(Data below begins)

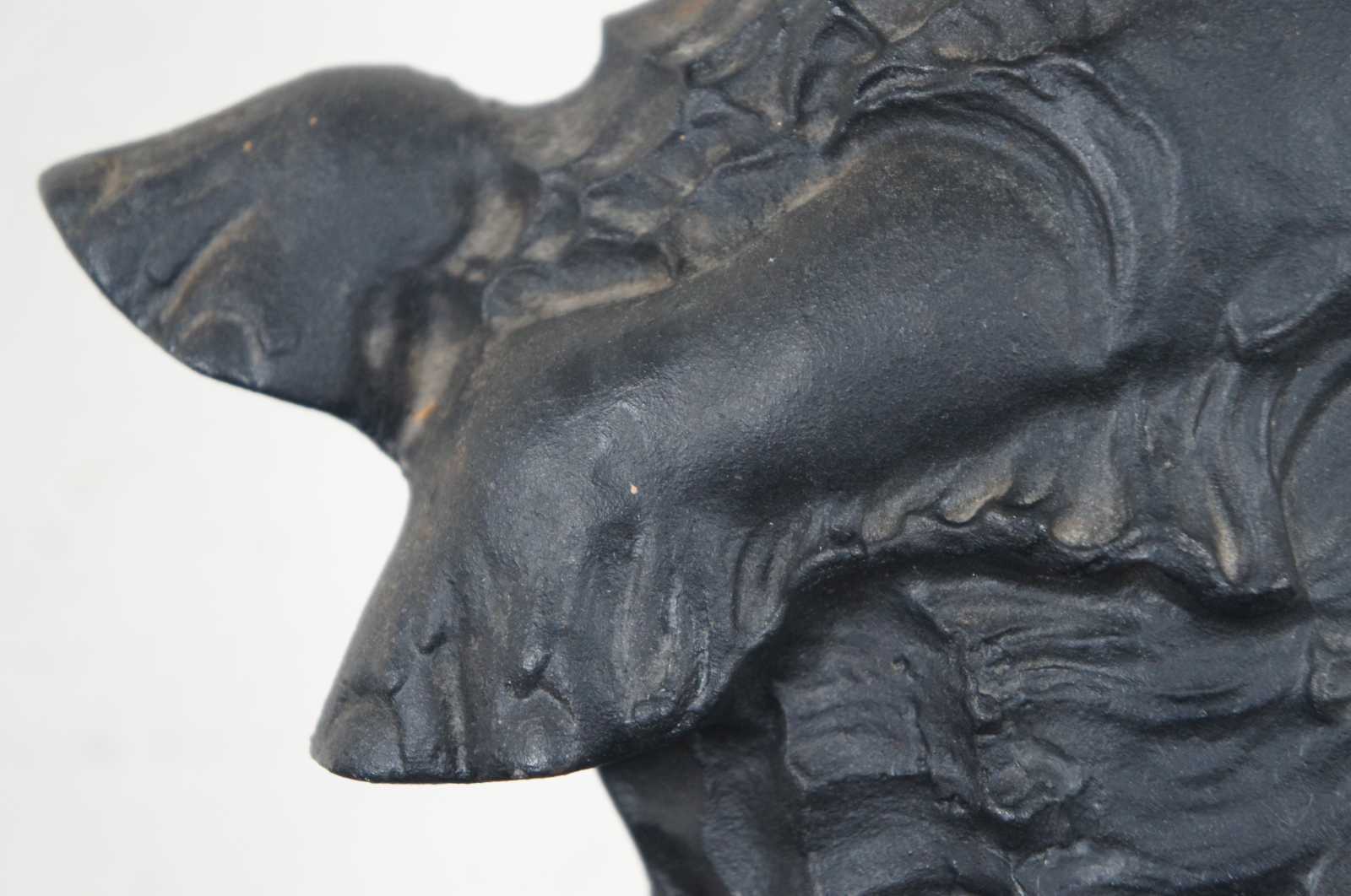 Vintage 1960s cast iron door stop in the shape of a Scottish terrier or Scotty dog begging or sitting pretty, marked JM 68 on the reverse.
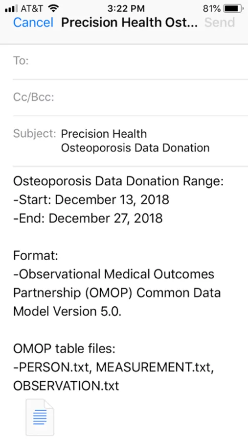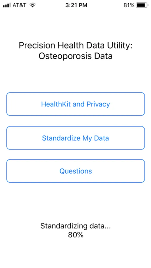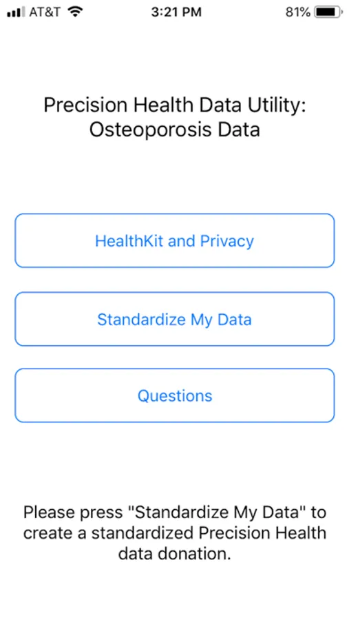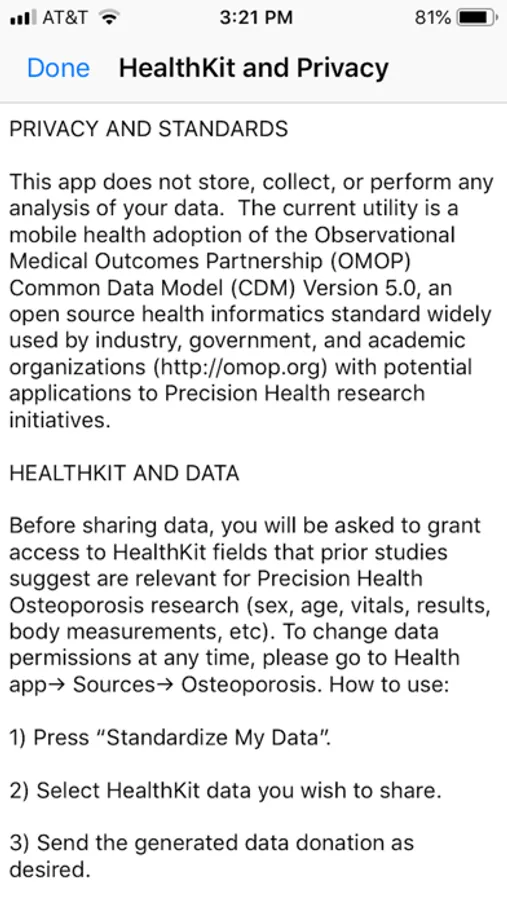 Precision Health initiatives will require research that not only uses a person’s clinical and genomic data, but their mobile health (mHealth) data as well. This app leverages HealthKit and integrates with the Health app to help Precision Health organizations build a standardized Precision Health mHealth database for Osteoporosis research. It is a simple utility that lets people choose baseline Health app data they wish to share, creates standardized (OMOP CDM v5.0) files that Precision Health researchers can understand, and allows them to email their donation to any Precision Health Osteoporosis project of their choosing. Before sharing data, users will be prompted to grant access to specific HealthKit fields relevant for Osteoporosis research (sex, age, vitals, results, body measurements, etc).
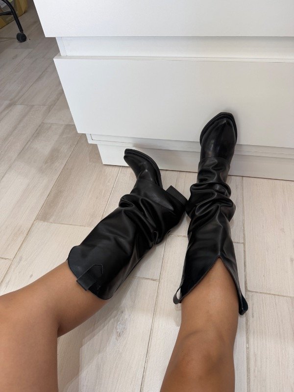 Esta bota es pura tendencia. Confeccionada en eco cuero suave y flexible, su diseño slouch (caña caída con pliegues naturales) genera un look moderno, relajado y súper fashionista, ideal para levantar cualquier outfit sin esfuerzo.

(Data below ends)

Once the pictures are removed, copy the listing exactly.

 Vintage 1960s cast iron door stop in the shape of a Scottish terrier or Scotty dog begging or sitting pretty, marked JM 68 on the reverse.
 Precision Health initiatives will require research that not only uses a person’s clinical and genomic data, but their mobile health (mHealth) data as well. This app leverages HealthKit and integrates with the Health app to help Precision Health organizations build a standardized Precision Health mHealth database for Osteoporosis research. It is a simple utility that lets people choose baseline Health app data they wish to share, creates standardized (OMOP CDM v5.0) files that Precision Health researchers can understand, and allows them to email their donation to any Precision Health Osteoporosis project of their choosing. Before sharing data, users will be prompted to grant access to specific HealthKit fields relevant for Osteoporosis research (sex, age, vitals, results, body measurements, etc).
 Esta bota es pura tendencia. Confeccionada en eco cuero suave y flexible, su diseño slouch (caña caída con pliegues naturales) genera un look moderno, relajado y súper fashionista, ideal para levantar cualquier outfit sin esfuerzo.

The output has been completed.